Overview

While a caesarean section is a significant operation, it is in the context of becoming a mother and starting your journey into motherhood. For some this is not a new experience, but in all cases, it is important that your time after birth is spent bonding with your baby, not recovering from surgery. As such, it is important that your recovery duration is as quick as possible so that you are capable to focus on the important tasks of motherhood; including feeding, bonding and most importantly being independent and not being troubled by discomfort. The quicker your capability to focus on motherhood the better; this improves your clinical outcomes and more importantly your experience will be significantly improved.

The ERAS Approach

The ERAS (Early Recovery After Surgery) approach has been shown to substantially improve patient experience after caesarean sections. Taking an ERAS approach to recovery after a caesarean section doesn’t just lead to better outcomes for the mother – it also leads to better outcomes for the baby – as both the mother (and the midwives supporting her) are able to dedicate more time toward mother-craft (lactation and maternal attachment) which is idyllic within the first three days.
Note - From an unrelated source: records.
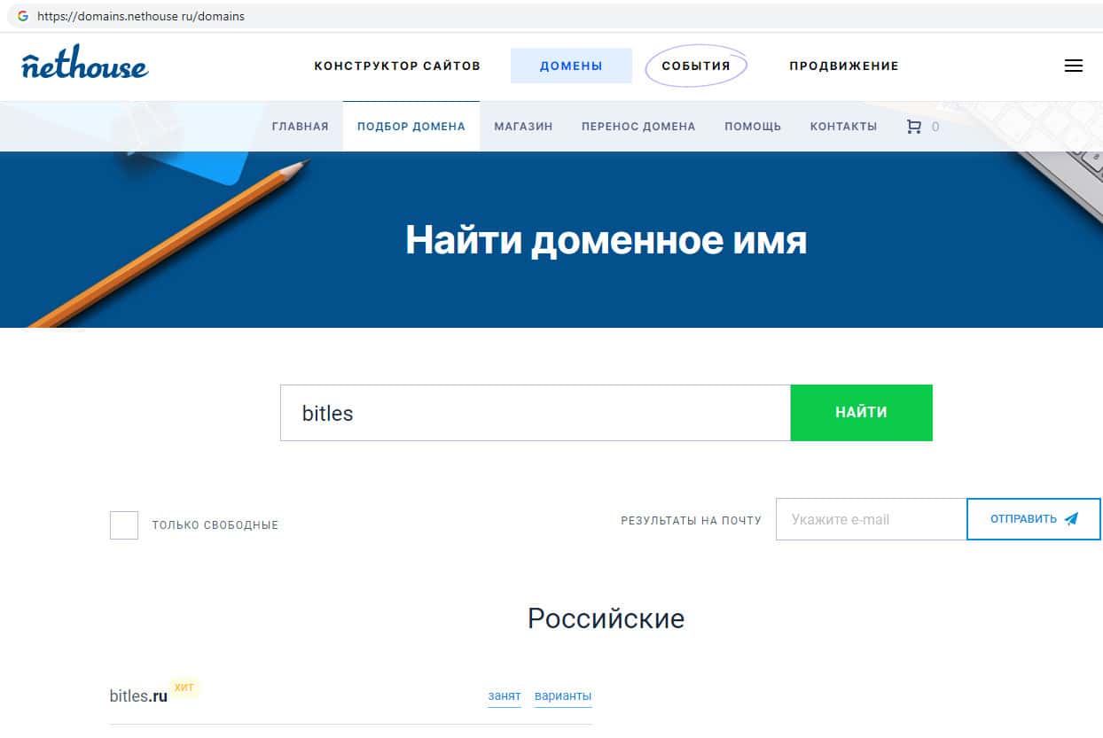 domains nethouse ru - проверка информации о регистрации домена на бренд
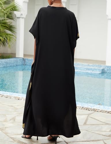 Eddoyee Kaftan Dresses for Women Embroidered Short Sleeve V-Neck Plus Size Caftan Bikini Swimsuit Cover-Up Long Beach Dress 3
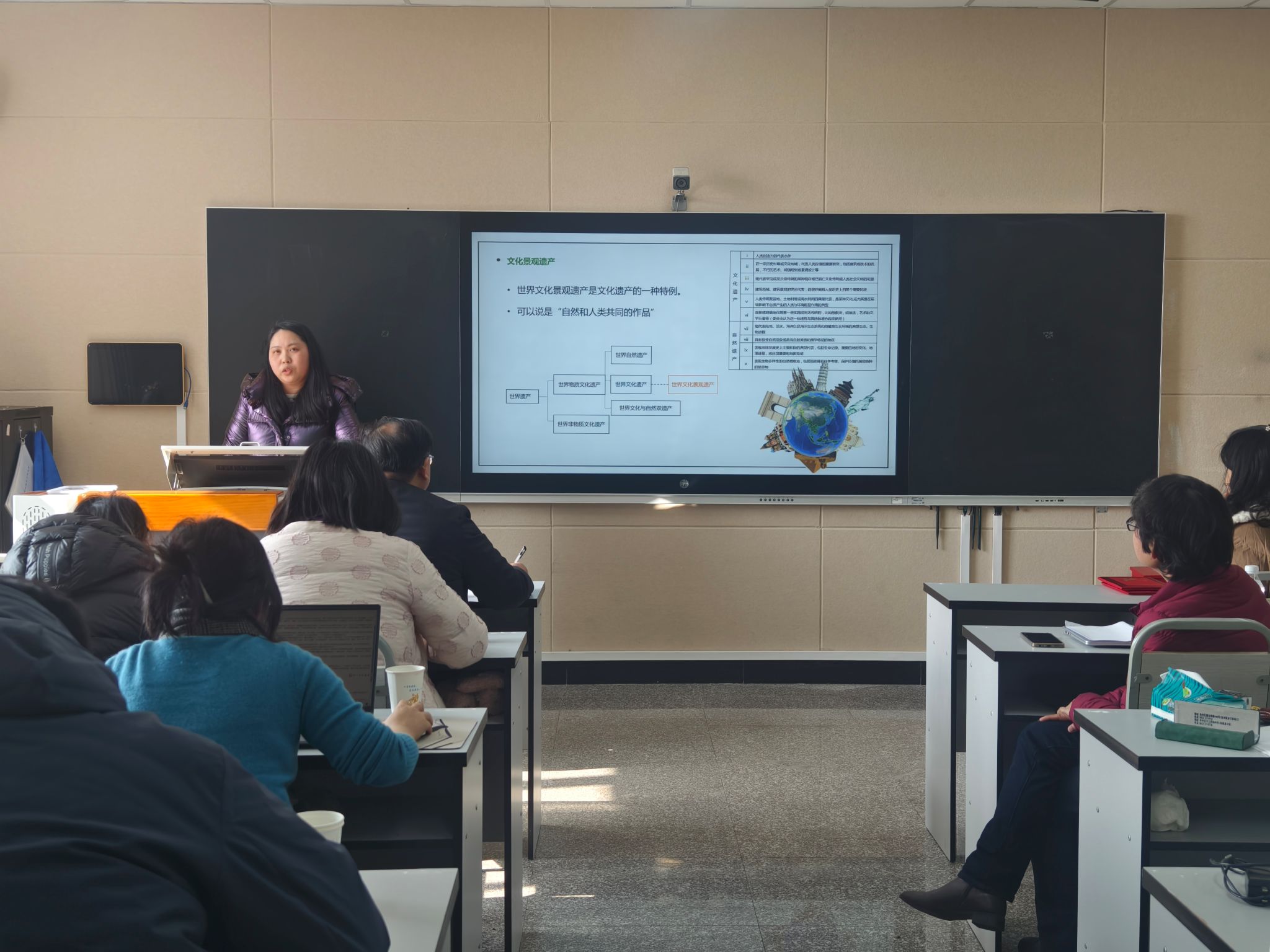 丁银平老师作了“基于世界文化景观遗产价值的乡土地理教材开发”的主题分享。她以自己的亲身经历、实地的科研考察和乡土地理的视角,深入云南元阳哈尼梯田,运用野外调查法、朗科罗色彩调查法等研究方法,融入手绘、软件绘图等技术进行创作,由科学出版社出版了科普著作《世界遗产哈尼梯田—雕刻在群山上的和谐家园》,受到广泛好评。
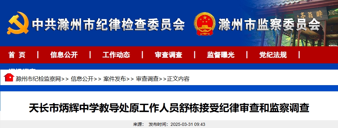 [滁州城事] 速看!滁州天长市炳辉中学教导处原工作人员被查,涉嫌严重违纪违法! |
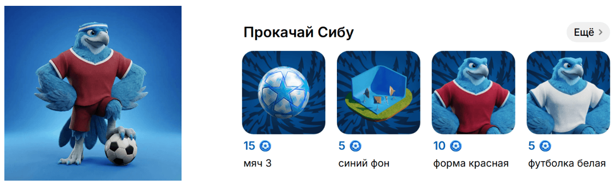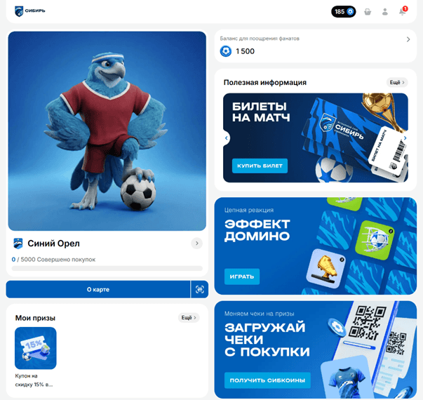 Маскот. Центральным персонажем программы стал орёл по имени Сиба. Живой, заводной и слегка озорной — он сопровождает болельщиков к их победам, подсказывает в выполнении заданий и искренне радуется каждому новому успеху. Ключевой задачей было превратить его в героя, с которым хочется взаимодействовать. Именно поэтому в программу заложили механику развития Сибы: за заработанные сибкоины фанаты приобретают для него предметы гардероба и экипировки — кепки, шапки, футболки, форму. Получился своего рода «симулятор болельщика», где твой виртуальный персонаж прогрессирует вместе с тобой.
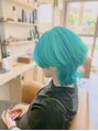 ダブルカラーはお任せください!まずブリーチでとことん抜き、更に追いブリーチでしっかり脱色します♪その上からトリートメントカラーでインディゴ、ターコイズ、アイボリーをバランスよく配合する事でマリンブルーに♪綺麗な水色の完成☆フランキーカラー♪

So, what does an ERAS program after a caesarean section look like?

In the ideal world it would have five components:

  1. An education program: delivered by the multi-disciplinary team – based on explaining the components on the ERAS program. It should also focus on optimising the patient’s health prior to the caesarean section – including an exercise program during pregnancy and maintenance of weight.
  2. Adequate pain relief: The basis of pain relief during caesarean is a single shot spinal analgesia, with the use of either morphine or fentanyl. On returning to the ward, the patient should receive multi-modal analgesia – with the patient being able to give themselves the medication (self- medication program). The use of a self-medication program has been shown to lead to timely administration of analgesia (Delays in medication administration lead to inadequate analgesia, increased pain scores and increased use of opioid analgesia). The use of selfmedication programs has been shown to reduce pain scores, increase both patient (and midwife) satisfaction, and lead to decreased overall use of opioid analgesia.
  3. Early mobilisation: Early mobilisation is an important part of recovery, with patients being encouraged to mobilise once the local anaesthetic effects of the spinal have worn off; with mobilisation occurring between 6 and 12 hours post caesarean section.
  4. Early reintroduction of nutrition: This is important and leads to an earlier recovery.
  5. Early removal of catheter: With the aim of removing the catheter at 2 hours post-operation rather than the traditional 12-24 hours. The earlier removal of the urinary catheter has accompanied: reduced mobilisation time; reduced hospital-stay; and, decreased incidence of urinary frequency. With appropriate bladder management, there has been no significant increase in either bacteria or urinary retention.

As a General Practitioner anaesthetist and a General Practitioner obstetrician, I am a strong believer in the ERAS principles. My objective is to allow Mum’s to be Mum’s; not patients stuck in a bed recovering from surgery. My aim is that you will be up within 6-8 hours of the birth of your baby; showered and in your own clothes. I want your focus to be on developing a bond with your baby, not worrying about your recovery.